Si… sé que lo recuerdas… aquellas palabras que te dediqué. Esas palabras que yo juré eran verdad, cuantas mentiras te he dicho ¿cierto? No fue hace mucho que también te dediqué una carta, una carta de amor, donde desbordaba miel y toda la vida era rosa… al menos ¿la recuerdas? ¿o te reíste de todo lo que escribí? Solo llevábamos 6 meses y yo como ingenua dedicándote palabras como si lleváramos toda una vida. Pidiéndole a la luna y al viento que te abrace y te susurre al oído cuanto te amaba, como los amantes de antaño. Y lo peor es que juré amor eterno. ¿No soy graciosa?
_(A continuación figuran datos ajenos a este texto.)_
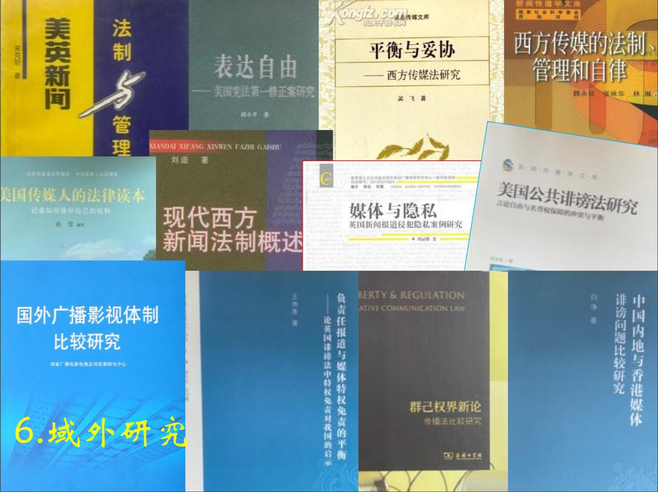 以上七块图书封面,难免挂一漏百。还有已经完成而尚未问世的成果,如李丹林和陈堂发都有国家重点(重大)课题已经结项,有待出版。顾理平、林爱珺等都有国家重点(重大)课题在研,至于有关传媒法的国家课题那就更多,不及列举。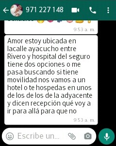 23.- Local: Hs Romance completo con cochera agua tibia, tv 30 soles la habitación, aquí también están con la pendejada de "cuanto tiempo se va quedar"
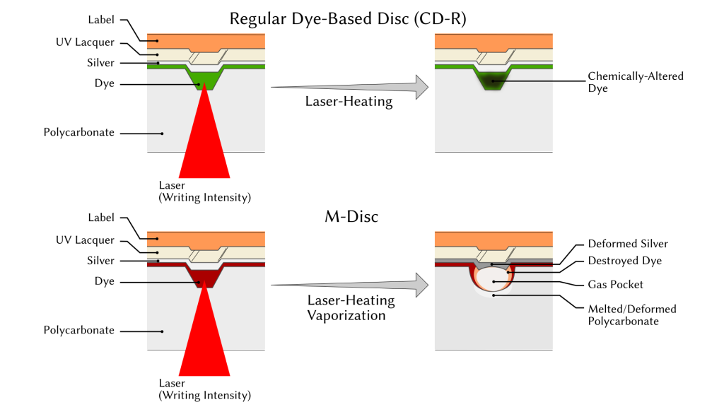 Writing to these discs does produce physical pits — essentially air pockets, which are much more durable than the scorch marks on dye-based media, and can’t fade. The writing energy from the laser in M-Disc compatible drives produces these pockets.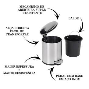 Lixeira 5 Litros Aço Inox Com Pedal Cesto Removível Mimo Lixeira Cesto De Lixo Banheiro Cozinha Pia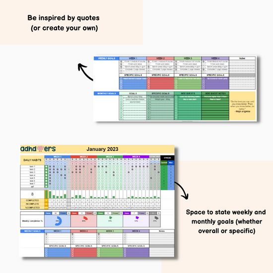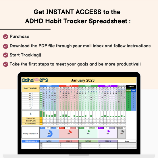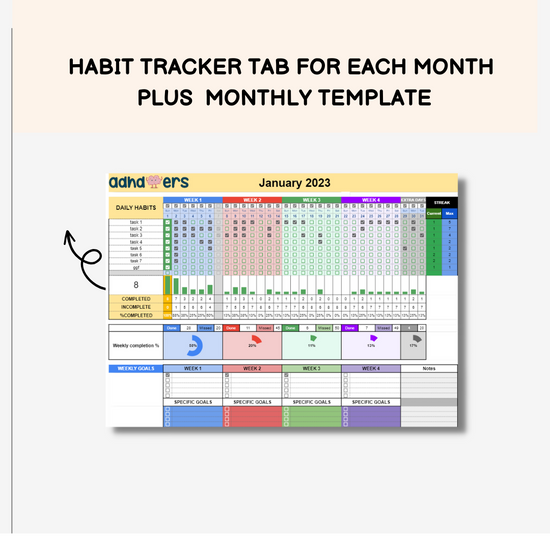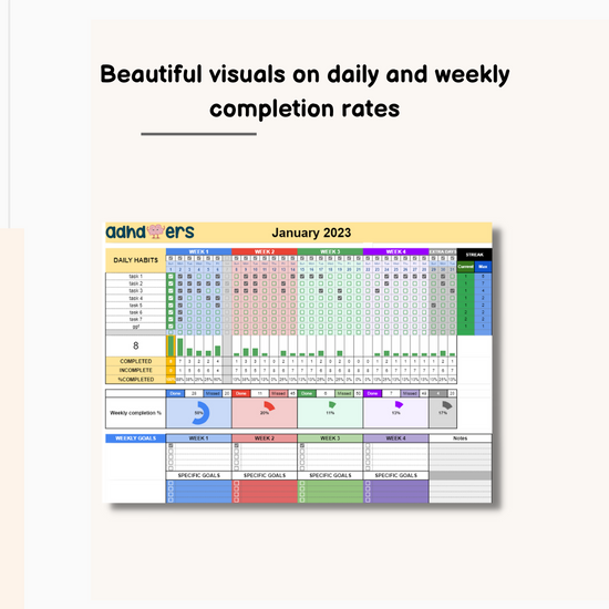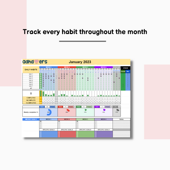 Made by ADHDoers for ADHDers - our spreadsheet helps you to track your habits in a fun and engaging way!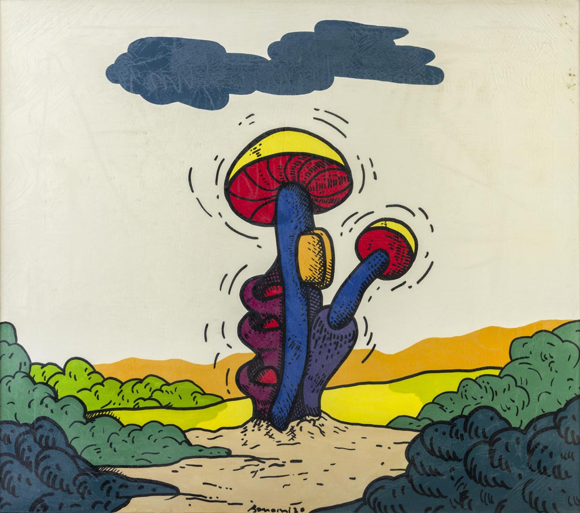 NARCISO BONOMI (1947) Metamorfosi di un fungo 1970 Acrilico su tela 70 x 80...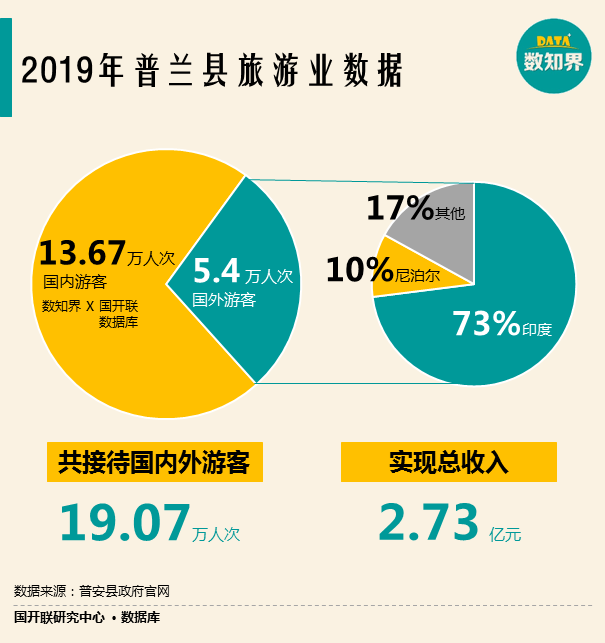 獨特的宗教意義和民俗文化也為普蘭帶來了大量的海內(nèi)外游客、教徒。也因此,旅游業(yè)成為了普蘭的支柱產(chǎn)業(yè)之一。2019年,普蘭縣共接待國內(nèi)外游客19.07萬人次,其中國內(nèi)游客13.67萬人次,國外游客5.4萬人次,實現(xiàn)總收入2.73億元。從客源地來講,國外游客中印度人占73%,尼泊爾人占10%。
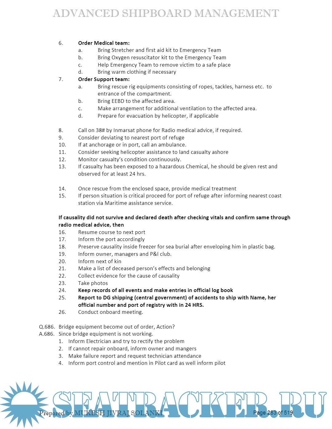Orals Question Bank (October 2023) for ASM (Advanced Shipboard Management) / Master's…

¿Por qué el amor se termina tan pronto? ¿por qué dejé de amarte? ¿te amaba? ¿te amé? ¿alguna vez sentí lo mismo que tú decías tenerme?

¿Cuántas veces me he preguntado lo mismo? Cada que me preguntan por ti no sé que otra excusa inventar. A veces me pregunto si todos pensarán que te he inventado… la cuestión es… ¿eres un invento? ¿un vil producto de mi pobre imaginación necesitada de afecto?

Es tan difícil aguantar esta mentira… ni siquiera sé si existes. Ni siquiera se si yo misma existo. No me reconozco, he cometido tantas tonterías que ni siquiera puedo atreverme a verme a la cara.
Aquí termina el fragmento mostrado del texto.